Yeah, that didn’t happen here. I woke up angry and annoyed. Part of it was that my old bed in the spare bedroom had scratchy, dusty sheets that probably hadn’t been changed since I was a teenager, but mainly it was because of Camden. He must have been in my dreams or something because my first thought as I opened my eyes to the sharp sunlight streaming in my window was “damn him.”

Apparently I don’t take rejection very well. I also don’t like it when my plans get messed up. When I have to recalculate. You think I’d be used to the latter and at least some of the former, but when I’d been rejected in the past I never took it personally. I never had time or the nerve to get involved with people, and when I did—such as with Jack back in Cincinnati—I was never really invested. My heart was a shallow instrument.

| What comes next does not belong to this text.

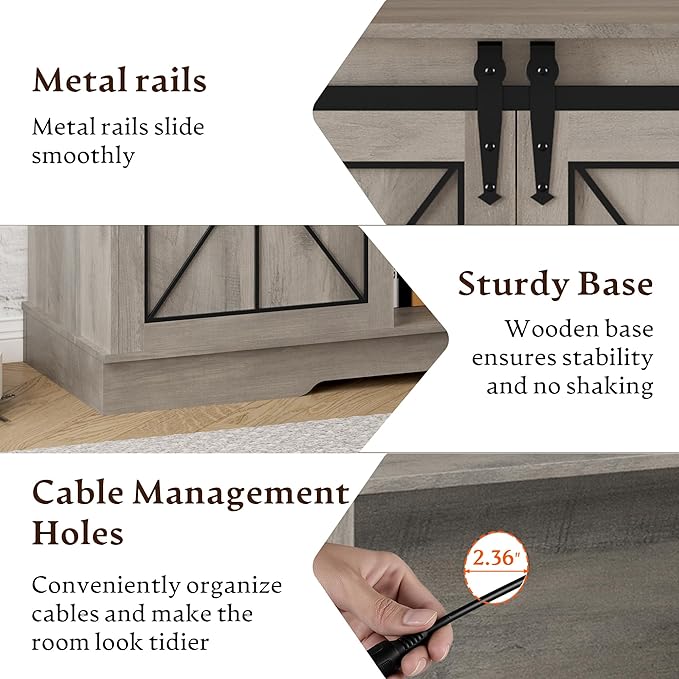 - Sliding Barn Doors &Cable Management:Durability sliding barn doors operate slide smoothly left and right on the elegant metal rails ,prevent loud slamming and pinching children hands.Hidden storage cabinets easily hide the clutter inside the TV cabinet. TV stand have built-in 2 hidden circular cable managements features to help keep wires and cables organized and out of sight, keeping your home tidy.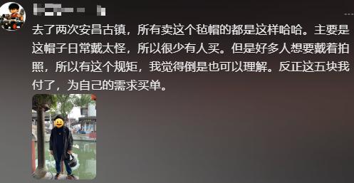 对此,安昌古镇工作人员回复说:他们已经关注到此事,古镇有几家商户在卖乌毡帽,由于该商户考虑到大多游客只是试戴拍照而非购买,所以制定了"试戴拍照 5 元"的创收模式,但这种方式未提前明确告知、也未充分尊重游客体验,事情发生后,景区工作人员找到商户,要求商户明确码标价。

And yet here I was, lying in my bed, sheets tangled all over me, staring up at the ceiling where I used to tape pictures of my favorite bands, and feeling a little sorry for myself. Where had I gone wrong? I started analyzing every detail from the night before, from the way he smiled at me to the feel of his arm around me. He obviously wanted his bandmates to know we were an item, or that I belonged to him in some way. Perhaps that’s all it was. Maybe they made fun of him for not bagging chicks or something. I had a hard time believing that considering most women were falling all over themselves to talk to the 6’0” tat-covered hottie. He could have anyone he wanted, if he wanted them. But Camden wasn’t your usual guy. At least he hadn’t been.

I mulled it over and over and the only thing I could come up with was that he just didn’t like me “like that.” Which sucked, both for my secretly fragile self-esteem and for my ticket out of this place. In order for my scam to work, I needed to get into his place and take a look around. I needed to have a better look at his security system—if he had any—and find out where his safe was. Otherwise I’d be setting myself up for major trouble, something I had to avoid in this town for the sake of Uncle Jim.

Speaking of the devil, I could hear him puttering around in the kitchen and could smell the bacon frying in its own fat. My stomach growled and I rolled over into the fetal position. I’d spent $120 last night in the name of the game which left me only $80 to start a new life somewhere. My options looked bleak.